To go way up to Einstein, he was drawing on a lot of expensive data like that which showed the Mercury anomaly, and then was verified by very expensive data (I shudder to think how much those expeditions must have cost in constant dollars). Without that data, he would just be another... string theorist. Not Einstein.
Not by being a patent clerk, no. :)
To a very limited extent. There has to be enough studies to productively review, and there has to be no existing reviews you're duplicating. To give another example: suppose I had been furloughed and wanted to work on a creatine meta-analysis. I get as far as I got now - not that hard, maybe 10 hours of work - and I realize there's only 3 studies. Now what? Well, what I am doing is waiting a few months for 2 scientists to reply, and then I'll wait another 5 or 10 years for governments to fund more psychology studies which happen to use creatine. But in no way can I possibly "finish" this even given months of government-shutdown-time.

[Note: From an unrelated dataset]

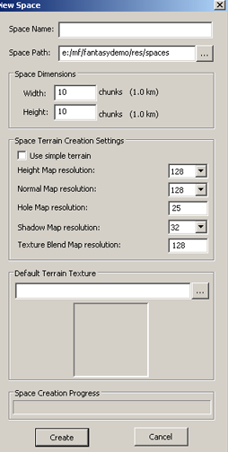 WorldEditor's New Space dialog box
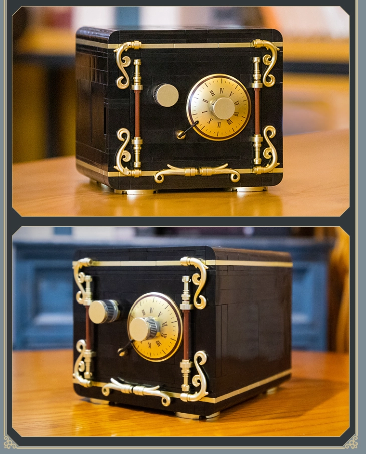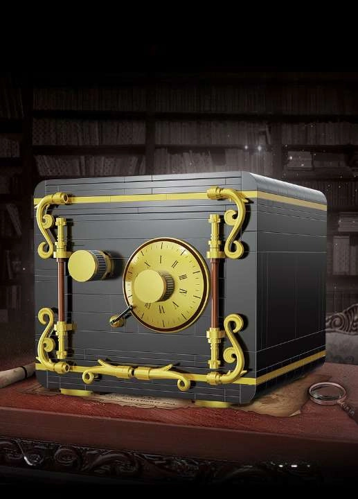 Sejf utrzymany jest w czerni ze złotymi akcentami, główne pokrętło z cyframi rzymskimi ułatwia ustawianie kodu, a autentyczny klikający dźwięk podczas obracania zwiększa realizm. Zestaw wspiera koordynację ręka–oko, kreatywność i cierpliwość, a dzięki kompatybilności elementów łatwo go rozszerzysz o inne modele.

I don't think that's a stupid or obviously incorrect claim, but I don't think it's right. Equipment is advancing fast (if not always as fast as my first example of genotyping/sequencing), so it'd be surprising to me if you could do more work by ignoring potential new data and reprocessing old work, and more generally, even though stuff like meta-analysis is accessible to anyone for free (case in point: myself), we don't see anyone producing any impressive discoveries. Case in point: more than a few researchers already believed n-back might be an artifact of the control groups before I started my meta-analysis - my results are a welcome confirmation, not a novel discovery; or to use your vitamin D example, yes, it's cool that we found an effect of vitamin D on sleep (I certainly believe it), but the counterfactual of "QS does not exist" is not "vitamin D's effect on sleep goes unknown" but "Gominak discovers the effect on her patients and publishes a review paper in 2012 arguing that vitamin D affects sleep".
No, seeing a bunch of novel true discoveries indicates a successful field. However, it's normally hard to independently verify the truth of novel discoveries except in cases where those discoveries have applications.
This seems like a nitpick more than a serious remark: obviously one is talking about the true discoveries, and giving major examples of them in biology is not at all difficult. The discovery of RNA interference is in the biochem end of things, while a great number of discoveries have occurred in paleontology as well as using genetics to trace population migrations (both humans and non-humans).
So one question here is, for what types of discoveries is your prior high that the discovery is bogus? And how will you tell? General skepticism probably makes sense for a lot of medical "breakthroughs" but there's a lot of biology other than those.